(Source data Opens)

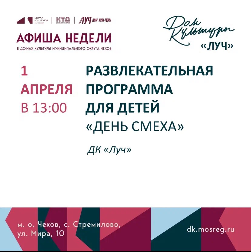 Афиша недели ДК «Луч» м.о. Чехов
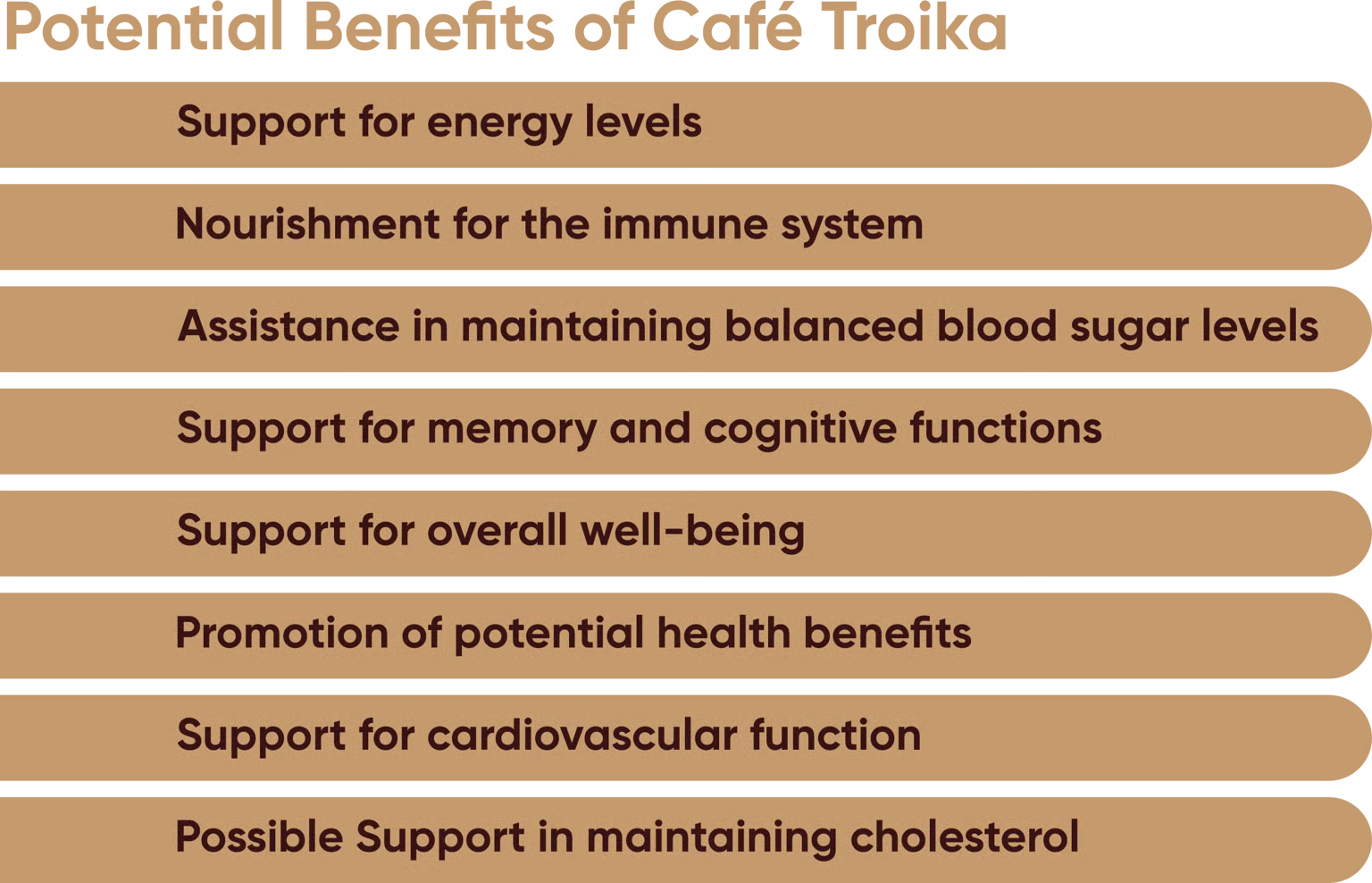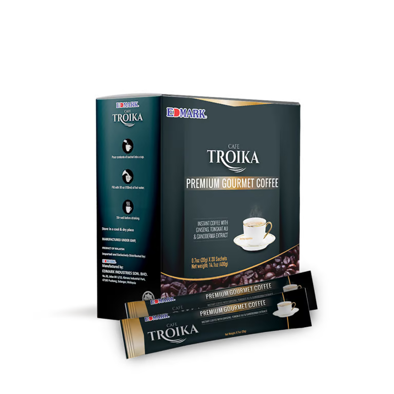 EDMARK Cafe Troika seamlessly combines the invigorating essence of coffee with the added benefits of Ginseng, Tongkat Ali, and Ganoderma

(Source data Closes)
(Source data Opens)

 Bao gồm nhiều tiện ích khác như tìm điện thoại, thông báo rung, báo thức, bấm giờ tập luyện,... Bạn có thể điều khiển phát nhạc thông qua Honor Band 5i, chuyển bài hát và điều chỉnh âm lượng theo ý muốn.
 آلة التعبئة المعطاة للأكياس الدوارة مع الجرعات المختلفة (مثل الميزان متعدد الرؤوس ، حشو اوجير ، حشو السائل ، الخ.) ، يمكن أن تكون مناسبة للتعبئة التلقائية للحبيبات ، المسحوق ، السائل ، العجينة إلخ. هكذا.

(Source data Closes)

# Exercise objective
Within the listing above, the range opens at the line with "Bao gồm nhiều" and closes at the line with "آلة التعبئة المعطاة". Reproduce exactly the lines of that range, including both ends.

# Answer for this exercise
 Bao gồm nhiều tiện ích khác như tìm điện thoại, thông báo rung, báo thức, bấm giờ tập luyện,... Bạn có thể điều khiển phát nhạc thông qua Honor Band 5i, chuyển bài hát và điều chỉnh âm lượng theo ý muốn.
 آلة التعبئة المعطاة للأكياس الدوارة مع الجرعات المختلفة (مثل الميزان متعدد الرؤوس ، حشو اوجير ، حشو السائل ، الخ.) ، يمكن أن تكون مناسبة للتعبئة التلقائية للحبيبات ، المسحوق ، السائل ، العجينة إلخ. هكذا.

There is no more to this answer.